Crowned Lynx Spider
- Conservation status: Least Concern (SANBI Red List)

Scientific classification
- Kingdom: Animalia
- Phylum: Arthropoda
- Subphylum: Chelicerata
- Class: Arachnida
- Order: Araneae
- Infraorder: Araneomorphae
- Family: Oxyopidae
- Genus: Hamataliwa
- Species: H. fronticornis
- Binomial name: Hamataliwa fronticornis (Lessert, 1927)
- Synonyms: Oxyopeidon fronticornis Lessert, 1927 ;

= Hamataliwa fronticornis =

- Authority: (Lessert, 1927)
- Conservation status: LC

Species of spider

Hamataliwa fronticornis is a species of spider in the family Oxyopidae. It is commonly known as the crowned lynx spider and is endemic to parts of southern Africa.

==Distribution==
Hamataliwa fronticornis has been recorded from the Democratic Republic of the Congo and South Africa. In South Africa, it occurs in four provinces: Eastern Cape, KwaZulu-Natal, Limpopo, and Mpumalanga.

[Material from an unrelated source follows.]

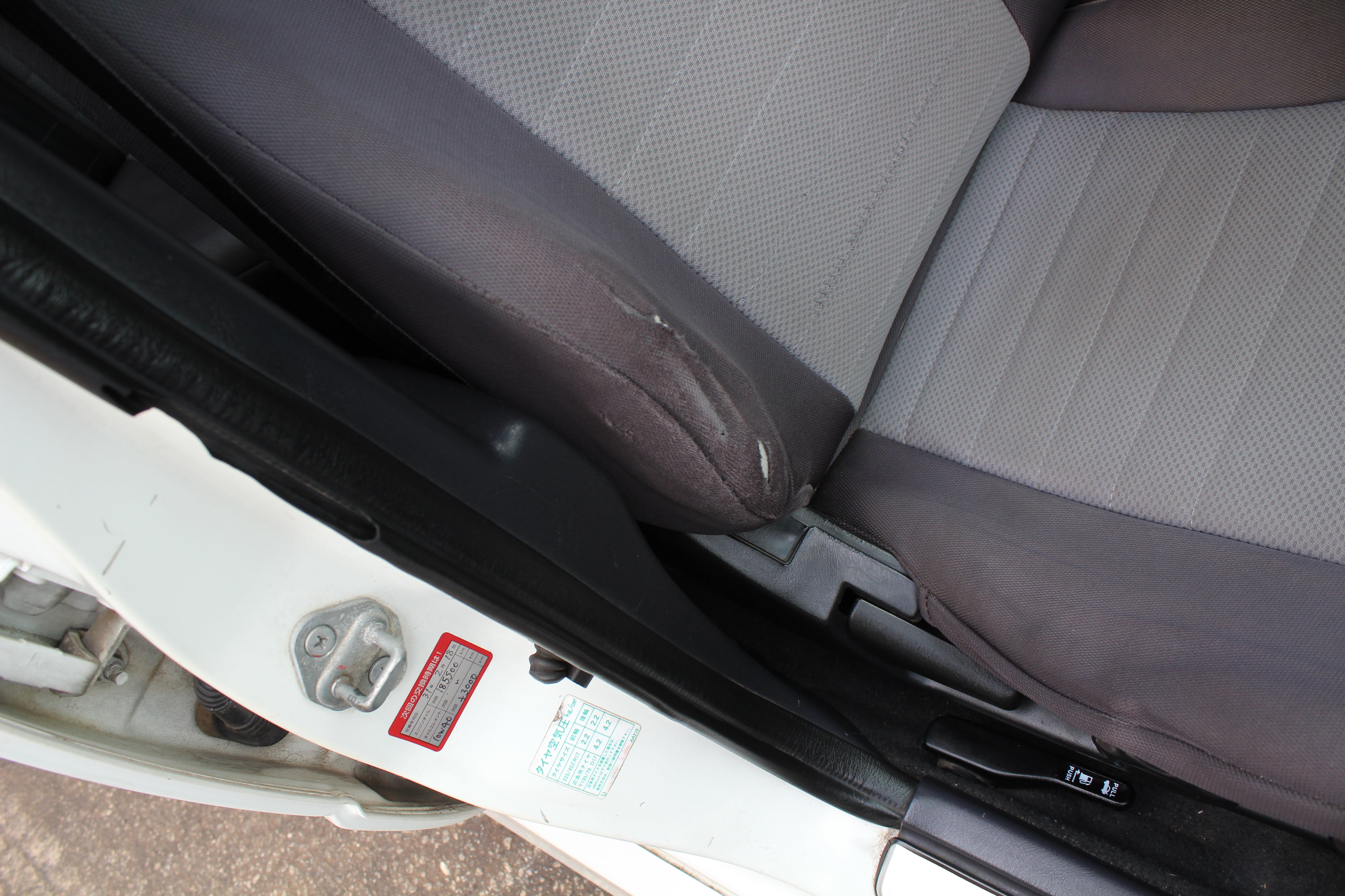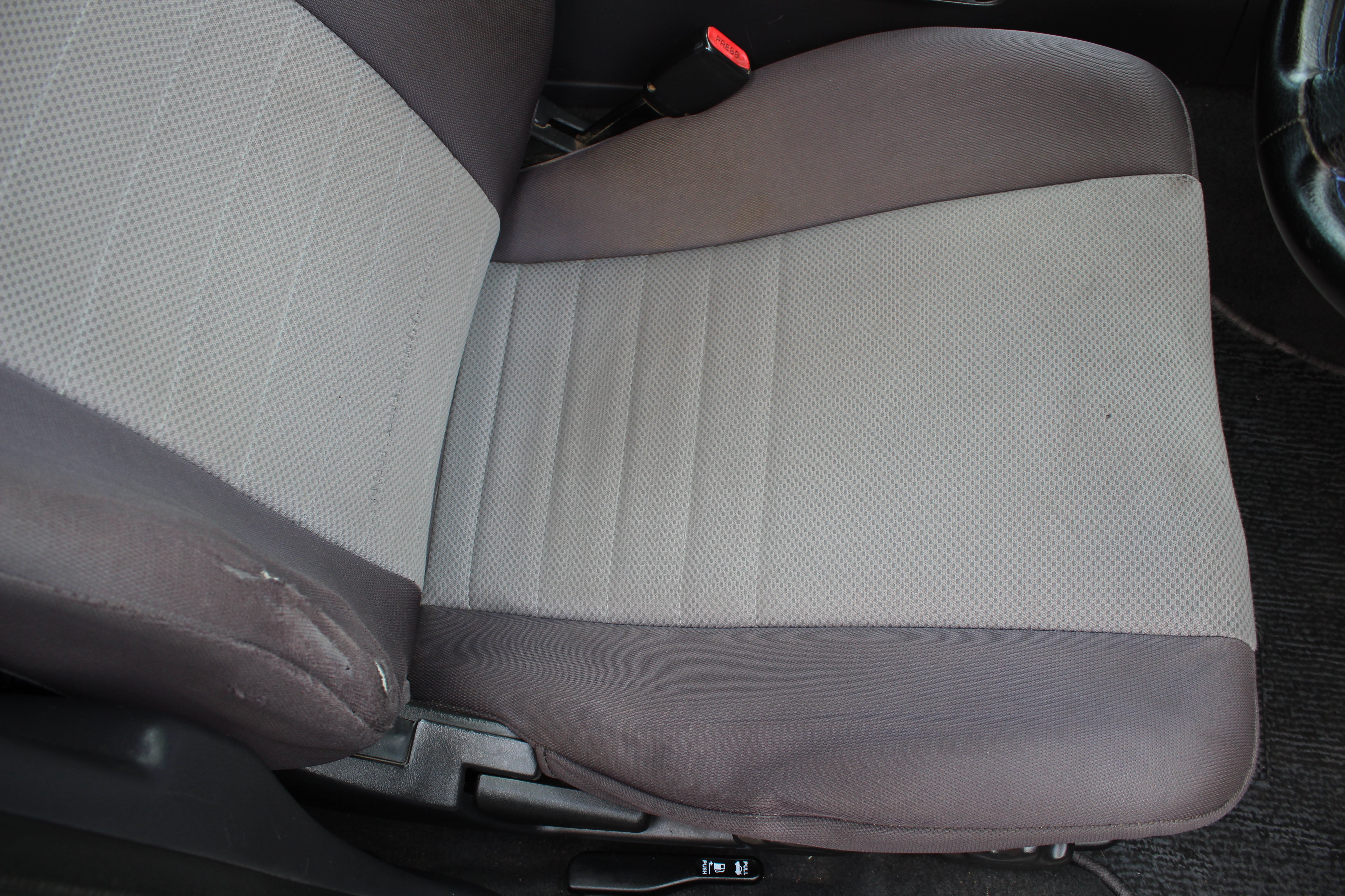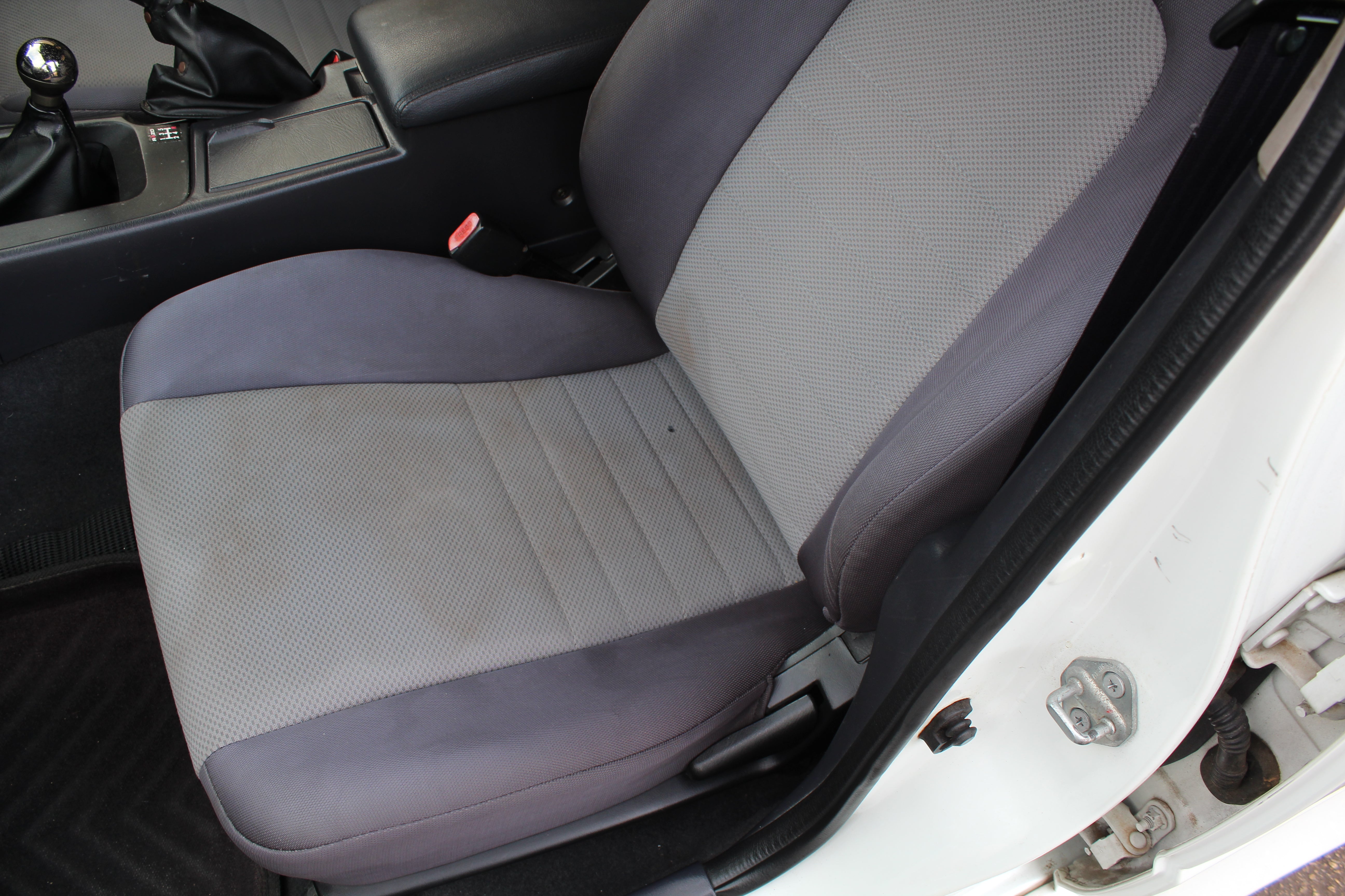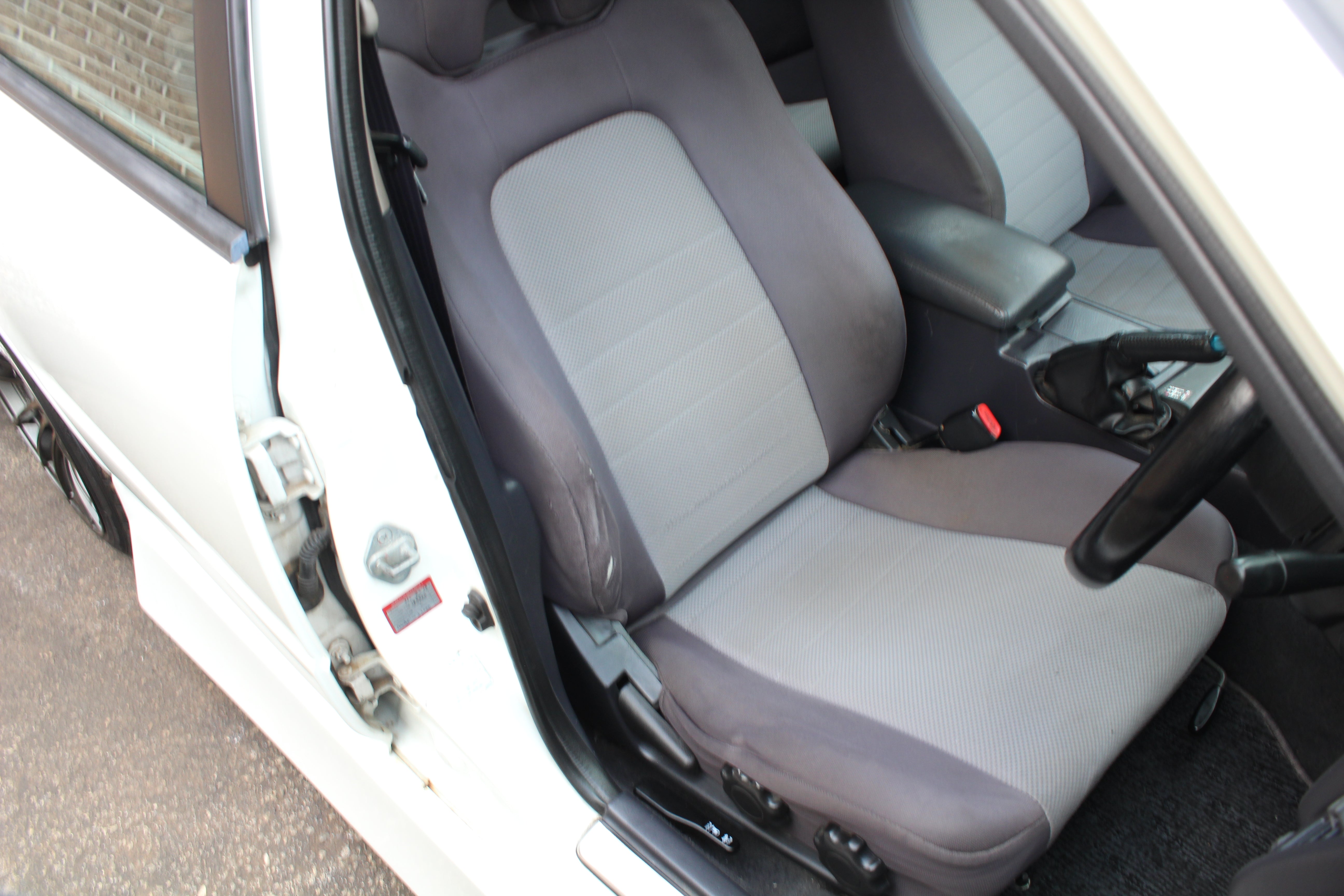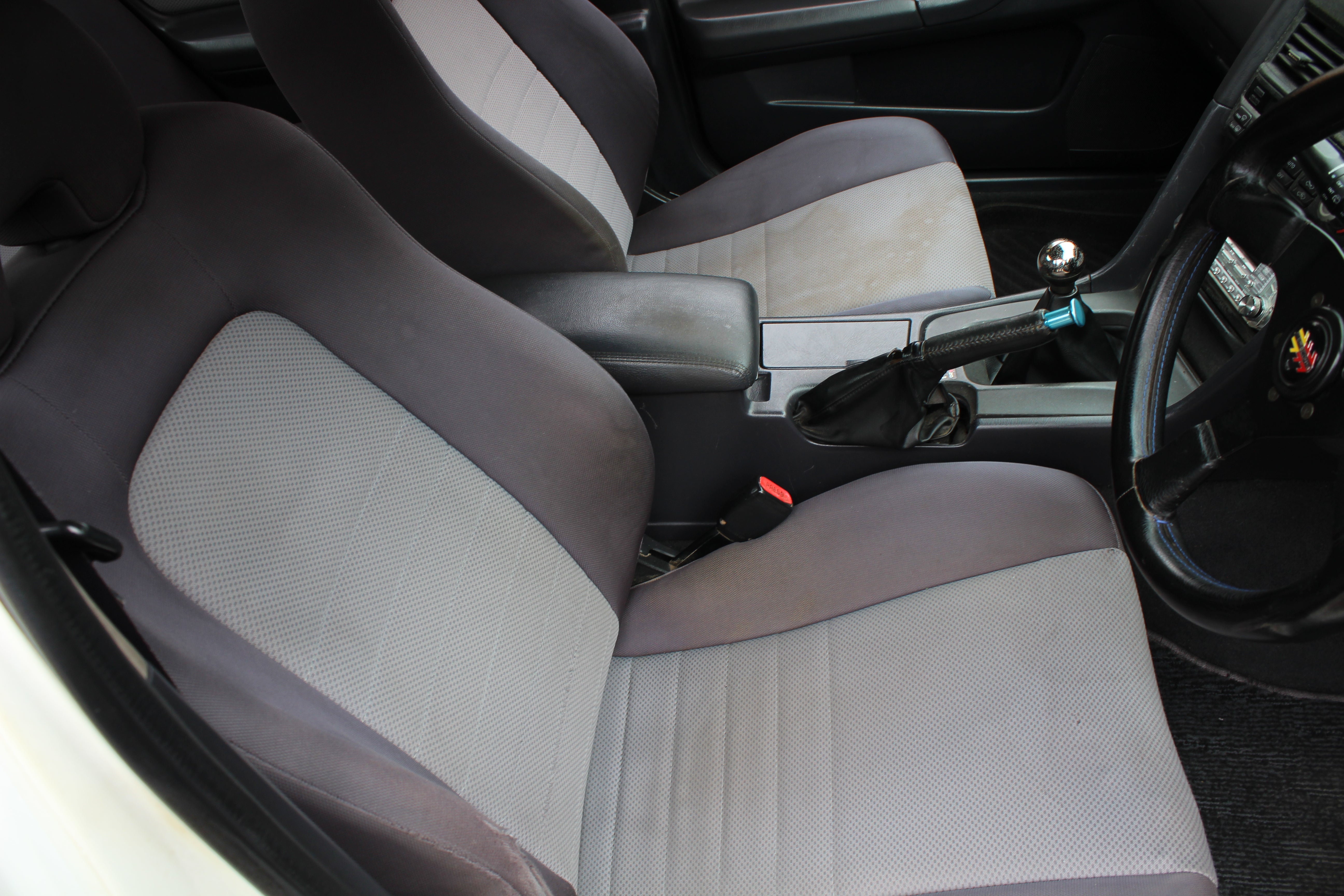 Interior: Driver seat bolster wear, seat stains, cigarette burn in passenger seat

The species has a wide geographical range, occurring at altitudes from 54 to 1,451 m above sea level.

==Habitat and ecology==
Hamataliwa fronticornis is a free-living plant dweller commonly found on grasses. It inhabits the Grassland and Savanna biomes.

==Description==

The species is currently known only from female specimens. Like other members of the genus Hamataliwa, it resembles Oxyopes species in colour and size but differs in having posterior median eyes wider from each other than from posterior lateral eyes and a face that slopes more gradually towards the clypeus.

==Taxonomy==
The species was originally described as Oxyopeidon fronticornis by Lessert in 1927 from specimens collected in the Democratic Republic of the Congo.

==Conservation==
Hamataliwa fronticornis is listed as Least Concern by the South African National Biodiversity Institute due to its wide geographical range. The species is protected in eight protected areas including Baviaanskloof Nature Reserve, Mkuze Game Reserve, Tembe Elephant Park, Phinda Game Reserve, Polokwane Nature Reserve, Lhuvhondo Nature Reserve, and Lapalala Wilderness.